Maison, ma belle maison
En guise de remerciements, d’au revoir, mais pas de parasol, les mots du cœur, une fois encore à la rescousse.
Elle est là, petite et timide, dans la nudité de ses dix ans, des couettes qui battent la mesure quand elle commence à grimper dans cette rue qu’elle découvre et trouve étrange, un peu austère, bourgeonnant de solitude, ce qui n’est pas pour lui déplaire. Un chat traverse la rue devant ses pieds et la fait frissonner. Elle sait qu’il lui faut presque rejoindre le sommet de la rue (ses parents ont écrit le numéro sur un bout de papier) avant de trouver le portail métallique que désormais elle devra pousser pour entrer dans sa nouvelle maison qu’elle n’a pas encore visitée.
Elle s’appelle Chloé, ses parents ont décidé qu’ils devront désormais vivre ici, lui ont expliqué qu’elle aurait un grand jardin, fini le balcon exigu, les voisin du dessus qui vous arrosent en fin de journée, en ouvrant le portail elle est déçue, des escaliers, du béton, mais son petit menton pointant vers la première marche, des roses blanches la saluent, à droite les mêmes mais rouges l’attrapent par la manche et lui font esquisser un sourire puis les asters mauves et jaunes, et la glycine immense avec son gros tronc noueux, et une vigne, un jasmin lui picote les narines tandis que les clochettes de la bignone s’agitent à toute vitesse pour la saluer, son sourire gagne tout le visage, un chat se roule au bas d’une butte odorante, exceptée le persil qu’elle connaît, toutes sortes d'autres herbes se faufilent jusqu’à atteindre toutes les neurones de son cerveau et toutes les fibres de ses nerfs, mais ce n’en est pas fini, à droite un gros arbre, mais oui, ce sont des cerises, ses fruits préférés et puis… et puis d’autres escaliers que borde un camélia rouge et une spirée odorante, elle se baisse, sollicitée de toute part et porte quelques petits fruits rouge à ses lèvres : des fraises des bois, plus loin, en haut un banc lui tend les bras, elle n’ira pas encore, pas tout de suite, pas si vite, il y a encore tant à voir, à respirer, à humer, à se régaler.
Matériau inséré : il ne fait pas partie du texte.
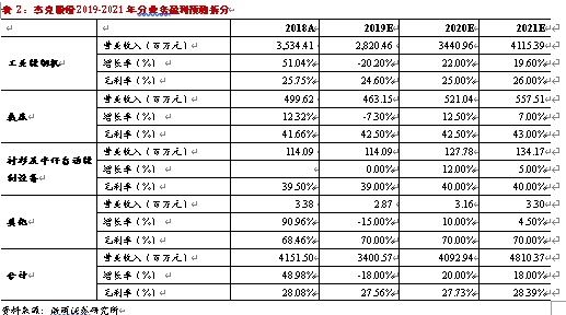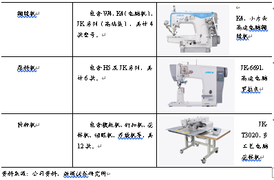 盈利预测及估值 我们预测公司2019~2021年主营收入分别为34.01亿元、40.93亿元和48.10亿元,同比增速为-18%、20%、18%;实现归母净利润为3.42亿、4.32亿、5.77亿元,同比增长-24.67%、26.32%、33.56%,实现每股收益1.11元、1.40元、1.88元,对应2019-2021年的PE为20倍、16倍和12倍。 投资建议 宏观经济景气度下行导致的下游服装行业投资下降、原材料成本上升(主要为钢材)、美元汇率波动等风险。 [报告正文] 1. 寡头格局打造全球缝制设备行业头把交椅1.1. 杰克股份是国内缝制机械行业龙头企业公司于2003创建于我国缝制设备制造之都浙江台州,多年来始终专注于工业缝制机械的研发、生产和销售。主营缝纫机、裁床、电机业务,现有产业布局包括台州、临海、上海,以及德国(奔马)和意大利(迈卡)。 2008年,通过入股浙江众邦,逐步实现原材料电机电控的自给;2009年,通过收购德国奔马,公司介入业务。2017,18年杰克通过并购意大利迈卡,德国威比玛,进一步丰富了杰克的自动化、智能化产品品类,扩大智能缝制的版图。2017年1月,杰克股份在上交所主板挂牌上市。 杰克于2010年起稳居工业缝纫机销量全球第一,2014年底销售额攀升至全球第二。 自2015年来,公司始终保持高于行业的增长,连续超越飞跃、标准、中捷,市占率年提升2到3个百分点。 2018年,杰克股份实现营业收入41.52亿元,销售额和销售量均超过日本重机,一举成为全球最大的缝制设备企业,裁床技术领先全球。 1.1.1. 公司立足中端,拓展中高端,兼顾中低端。缝制机械按照工序先后分类,主要包括三大类:缝前设备、缝中设备、缝后设备。缝前设备主要包括裁床、铺布机等用于裁剪、安置布料等缝纫工序的加工设备;缝中设备主要包括平缝机、包缝机、绷缝机和特种机等用于正式缝纫工序的设备;缝后设备主要包括熨烫、包装设备等用于熨烫、包装等产品生产后工序的机械设备。 公司主要生产缝前缝中设备,产品包括工业用缝纫机、裁床、衬衫及牛仔缝制设备业务,产业布局包括台州、临海、上海、德国、意大利。 -工业缝纫机业务主要有三大系列:平缝机、绷缝机、包缝机,以及模板机系列。每个系列又可按驱动配置的不同分为电脑车、直驱车和普通车。 -裁床业务主要由德国奔马构成,中国临海基地同步生产经营,中德基地产值规模相当。 -意大利迈卡作为全球衬衫缝制机械专家,解决国内需求痛点,VB M威比玛专业生产牛仔服装自动化设备。 在日本重机占据中高档缝机市场龙头地位的情况下,杰克将目光瞄向了中小型客户。2018年,前五名客户销售额41,862.91万元,仅占年度销售总额10.08%。杰克的售后服务通过一级、二级经销商、分销商,进行培训、覆盖客户,做到快速服务100%,快速响应中小客户对维修的需求,解决中小客户痛点。在立足于中低端市场的同时,杰克积极投入研发,拓展中高端市场。杰克股份每年发明专利数远超同行,连续五年位居行业第一,其中研发专利总量超过了日本重机、兄弟公司和日本飞马的总和。 1.1.2. 股权结构1.2. 行业下行趋缓,公司触底回暖将先于同行1.2.1. 公司三季报业绩环比边际改善,经营状况趋稳。2019年1-9月,杰克股份经营性现金流量为2.42亿元,同比上涨463%,与2018年底负流量相比,已大幅改善。短期借款增加2亿系杰克母公司向子公司提供承兑汇票,而子公司通过此类承兑汇票进行银行贴现,得到现金后将现金支付给供应商,提高资金利用效率,保证供应商收到现金。公司货币现金,交易型金融资产与其他流动资产共计10.11亿元,现金流充足。 公司自2011年来,公司应收账款与存货周转天数近年来在持续下降,公司经营状况不断改善。相较国内同行业公司相比,杰克的周转天数占据明显优势。全球竞争对手,日本重机2018年1-6月的存货周转天数也达到217天,将近为杰克股份的两倍。更短的存货周期使得杰克能更快适应市场的变革,降低存量风险。 1.2.2. 公司盈利能力显著优于同行业水平 经济下行预期加上贸易战不确定变数,导致下游客户对加大投资维持观望情绪,缝纫设备行业自18年下半年进入下行周期,目前判断已经基本触底,预计2019年设备行业销量整体下滑达25-30%,2020年将呈现前低后高态势,全年大概率能实现正增长。公司下游服装行业去年出口下降4-5%,设备国内外需求受经济影响整体下降,但出口影响相对略小。公司下滑幅度小于行业,在行业企稳过程中公司也将率先于行业复苏。 杰克自2016年以来始终保持了较高的增长速度, 2018年营收已超出2015年两倍。自2018年来,随着行业景气度下降,行业内企业主动减产减员的趋势下,公司基本维持了稳定收入。杰克缝纫的出货量在过去三年从80万(2016年)到140万台(2017年)再到210万台(2018年),2019年估计下滑10%,裁床销量相对平稳今年没下滑。公司自2019年三季度盈利环比出现边际改善,经营状况趋稳环比下滑幅度收窄,预计四季度将实现净利润同比转正,迎来业绩拐点,2020年先于行业重回较快增速。 1.3. 逆势新增产能布局,厚积薄发自上市以来,公司的产能扩张主要由三部分组成:募投项目、台州装备制造基地以及兼并收购的外部产能。杰克股份在上市时披露的工缝机最大产能约为87万台。截至2018年底,杰克股份募资的拟扩产100万台工缝机项目完成进度达92.38%。 2018年10月份,杰克股份发布公告规划建设杰克智能高端缝制装备制造基地: 第一期项目规划总投资11.15 亿元,用地

Chloé ne sait pas où donner des yeux, des oreilles, tant et tant de choses, de petits êtres câlins et doux qui la frôlent et l’ont déjà adoptée.
Elle va rentrer dans la cuisine inondée de soleil, ses parents lui ont montré des plans, des photos, mais ils ont omis de lui parler d’une pièce qui se niche derrière une cloison. Mais peut-être eux-mêmes ne savaient-ils pas.
Et pourtant cette pièce est importante, peut-être même est-ce l’élément central de la maison.
Chloé ne sait pas encore quels trésors cette pièce toute mansardée va distiller peu à peu pour elle.
Un cadeau qu’elle va déguster jour après jour, les murs vont lui chuchoter des mots du cœur, qui viendront encore et toujours à la rescousse, qui lui permettront d’adopter son nouveau lieu de vie, qui lui permettront d’oublier le balcon exigu et les voisins du dessus, et de garder dans son cœur la petite voisine aux secrets partagés.
Chloé frôle la cloison, redescend les marches quand elle voit juchée sur une étagère qu’elle n’avait pas remarqué jusque là, un drôle d’animal. Elle s’approche. Mais oui, c’est bien d’une poule qu’il s’agit ! Et tricotée ! Elle n’en croit pas ses yeux ! La poule est habillée de violet et d’orange, froufroutante à souhait comme pour aller au bal. Elle attend qu’on l’invite, tire sur sa jupe à volants, esquisse un pas de deux et regarde dédaigneusement cette petite chose qui tend les bras pour l’atteindre.
Chloé attrape la poule tricotée, mais celle-ci se métamorphose en dizaine dizaine de poulettes, verdoyantes, feuillues, en chocolat et en faïence, en sucre et en lampions multicolores. Chloé n’en revient pas et ouvre son large sourire sur une certitude. Oui. Maintenant elle sait. Elle sera bien dans cette nouvelle maison aux allées sans fin, au jardin sans fond ni barrière. Elle sait et n’a plus peur.
L’histoire de Chloé est révélatrice du lien qui unis la poésie et l’enfance, aux aguets, saisie par un grand vide, elle s’accroche, elle se laisse pénétrer par les émanations du lieu, elle s’agrippe aux choses qui l’interpellent, le chat, les fleurs, la poule, les poules ; c’est ce que m’a raconté la maison que nous allons laisser, à d’autres (appelons les… Chloé).